A SECOND nationalist MP has admitted breaking strict Westminster rules by failing to declare a shareholding in a private company.
Brendan O'Hara, the SNP's defence spokesman, said he had made a "mistake" by not disclosing his 50 per cent stake in Oh! Television Limited, which the former TV producer set up in 2009 after leaving his job with the BBC.
It comes after parliamentary standards authorities launched an investigation into Phil Boswell, the SNP MP for Coatbridge, Chryston and Bellshill, who has admitted that he failed to declare his shareholding in the firm Boswell and Johnston Ltd.
Mr O'Hara said he had been initially unaware that he was obliged to record his interest in Oh! Television as it had never traded or made any money. He said he had established the company in case he did not receive enough freelance work after leaving the BBC, but that it had remained dormant ever since he set it up.

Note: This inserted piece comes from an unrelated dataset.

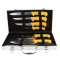 6 Acier Inoxydable 18/0 Manche polypropylène surmoulé jaune Manche ergonomique. Composition: 1 office 9 cm / 1 chef 20 cm / 1 découper 20 cm / 1 désosser 15 cm / 1 désosser souple 18 cm / 1 couperet 18 cm /  1 fusil mèche 25 cm / 1 valise aluminium 40 x 20 x 7 cm

However, rules state that MPs are obliged to declare any shareholdings over 15 per cent, even if a company is not trading, on their register of interests.
Company records show that the Argyll and Bute MP, who won a majority of more than 8,000 at last year's general election, signed off dormant Oh! Television accounts in August - three months after he was elected.
Mr O'Hara said: "It's never traded, it's never earned a penny. It's my oversight. There is nothing secretive, it's never traded in its life. I was quite naive to think that this didn't count.
"I had conversations with the whips office and on the first day back after recess I phoned the register office and they said 'yes, although it's never traded it technically should be on'. There was never an attempt to try and hide this or any earnings. It's a non-story."
He said that the SNP had given its new cohort of MPs advice on what should be declared on the register of interests following its landslide win last May and added: "I don't blame the party. I wouldn't blame anyone other than myself. As a new MP there are a million and one things you have to do."
While Mr Boswell is subject to an investigation from Kathryn Hudson, the parliamentary commissioner for standards, there is currently no probe into Mr O'Hara and he said Westminster authorities had accepted that the failure to declare the shareholding had been a genuine mistake.
SNP MPs Michelle Thomson and Natalie McGarry have both left the party following allegations of financial irregularities and while Mr Boswell is expected to retain the party whip, the standards probe into him as well as revelations that he previously benefitted from a tax avoidance scheme have been a source of embarrassment to Nicola Sturgeon.
Murdo Fraser, the senior Scottish Conservative MSP, said: "At this rate there won’t be any SNP MPs left by the end of the parliamentary term who haven’t run in to some sort of trouble. This is another case of the SNP claiming to be whiter than white, but the evidence proving quite the reverse."
Mr O'Hara, whose great, great grandfather was one of the co-founders of Celtic, caused controversy ahead of the general election after it emerged that he had used the word 'hun' to describe Rangers supporters on an online forum under the name 'spikeybhoy'. He apologised for any offence caused but resisted calls to stand down as a candidate after a petition was launched calling for the move.